→ **DATA SEGMENT**:

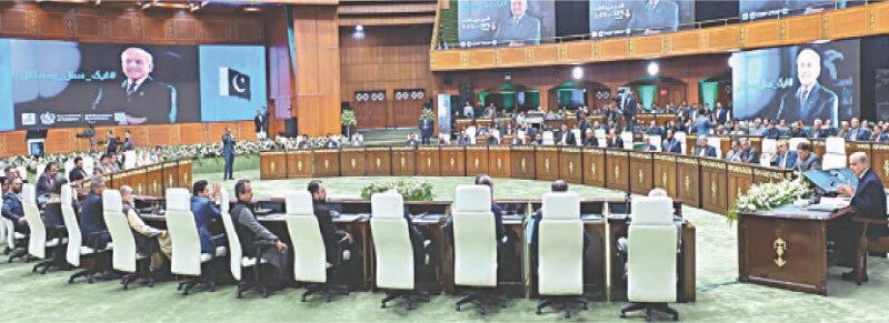 Finance Minister Muhammad Aurangzeb provided an economic overview, reporting a 71% return in the Pakistan Stock Exchange and the highest current account surplus in 20 years. He detailed initiatives such as rightsizing 43 ministries, pension reforms, agriculture taxation, and a faceless tax assessment system that boosted revenue by 60%.
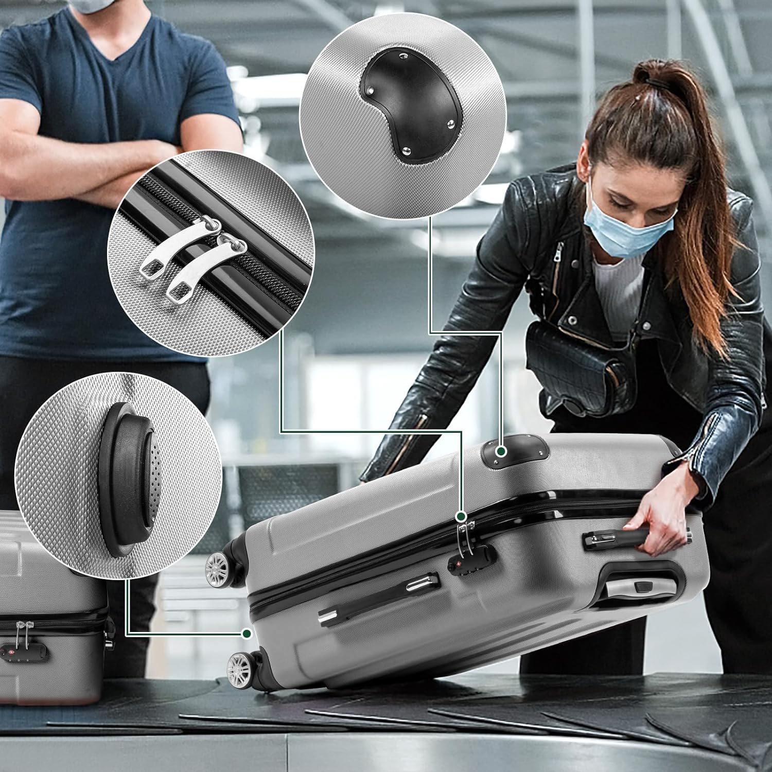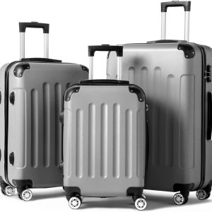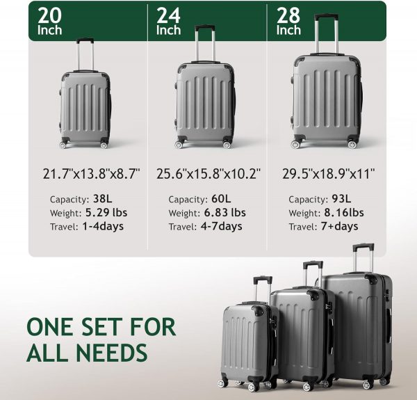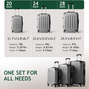 Material: ABSCaster Diameter: 1.97″20 inch : 21.7″ x 13.8″ x 8.7″, 38L, 5.29lbs, for 1-4 days travel24 inch : 25.6″ x 15.8″ x 10.2″, 60L, 6.83lbs, for 4-7 days travel28 inch : 29.5″ x 18.9″ x 11″ , 93L, 8.16lbs, for 7+ days travel
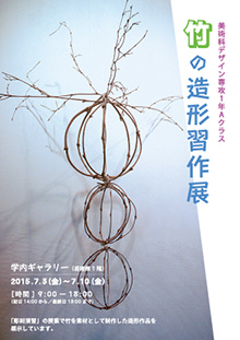 学内ギャラリー(芸術棟1階)では7月3日(金)~ 7月10日(金)、美術科デザイン専攻1年生Aクラスによる作品展「竹の造形習作展」を開催します。初日は14:00から、最終日は13:00までとなります。

→ **EXERCISE GOAL**: Leave out the pictures and output the rest of the material exactly as written.

→ **ANSWER TO THE PROBLEM**:
 Finance Minister Muhammad Aurangzeb provided an economic overview, reporting a 71% return in the Pakistan Stock Exchange and the highest current account surplus in 20 years. He detailed initiatives such as rightsizing 43 ministries, pension reforms, agriculture taxation, and a faceless tax assessment system that boosted revenue by 60%.
 Material: ABSCaster Diameter: 1.97″20 inch : 21.7″ x 13.8″ x 8.7″, 38L, 5.29lbs, for 1-4 days travel24 inch : 25.6″ x 15.8″ x 10.2″, 60L, 6.83lbs, for 4-7 days travel28 inch : 29.5″ x 18.9″ x 11″ , 93L, 8.16lbs, for 7+ days travel
 学内ギャラリー(芸術棟1階)では7月3日(金)~ 7月10日(金)、美術科デザイン専攻1年生Aクラスによる作品展「竹の造形習作展」を開催します。初日は14:00から、最終日は13:00までとなります。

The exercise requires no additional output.